Print this page

Rohingya refugee crisis is no closer to being solved

Top view of Rohingya refugee camp, Kutupalong, in Cox’s Bazar. Top view of Rohingya refugee camp, Kutupalong, in Cox’s Bazar. SH Saw Myint on Unsplash

Five years after the atrocities in Myanmar, one million Rohingya people remain in perilous situations. 

It's been five years since violence erupted in Rakhine state, Myanmar. Thousands of Rohingya people were killed by the Myanmar military. Around 770,000 fled for their lives to Bangladesh, one million people are stranded in Cox's Bazar area. 

This article offers testimonies from Rohingya refugees on how they coped after fleeing Myanmar.

Rohingya mother, Tayeba Begum talks about her twin daughters who were only six-month-old when she and her family fled Myanmar for Bangladesh. “After the killings began, we couldn't stay any longer - the militaries were brutally murdering Rohingya and burning their houses. If we can ever live peacefully again in Myanmar, we will return. But how can we return if our rights are not ensured?
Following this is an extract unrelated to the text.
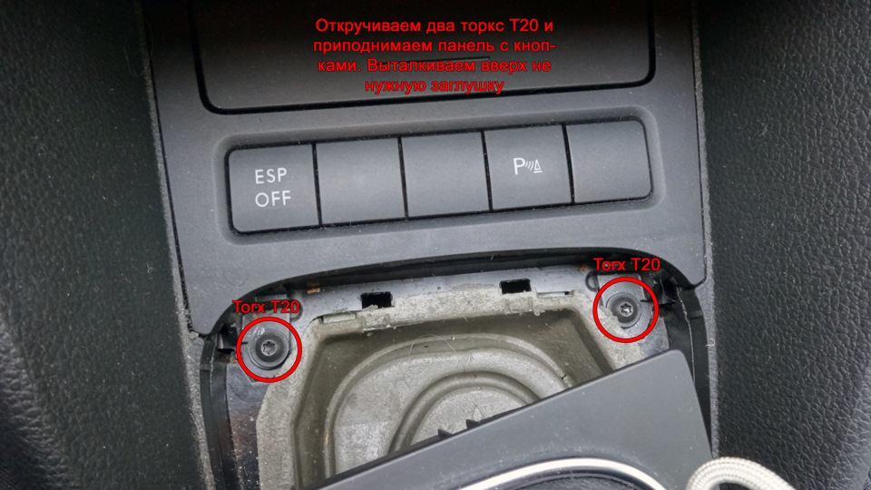 После снятия крышки КПП откроется доступ к двум винтам Torx T20, которые держат панель с кнопками. Окручиваем, приподнимаем панель и выталкиваем наружу ненужную заглушку.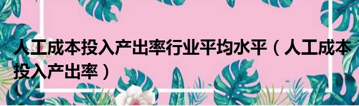 导读 大家好,今天小六子来为大家解答以下的问题,关于人工成本投入产出率行业平均水平,人工成本投入产出率这个很多人还不知道,现在让我们一起

Where will we live, since our houses have been destroyed?”

Rohingya refugee Anwar, a 15-year-old student, remembers when he ran away from Myanmar with his family. “It was one afternoon when the army attacked our neighborhood.” He now lives in the Jamtoli refugee camp in Bangladesh and his dream is to become a doctor. He addressed young people like him around the world to keep on learning because not everybody has such opportunities.

Lastly, the heart of the eldest of the interviewed refugees, Mohammed Hussein (65), longs for repatriation to Myanmar, with the guarantee of rights protection: “I am old now and will die soon. I wonder if I will see my motherland before I die.”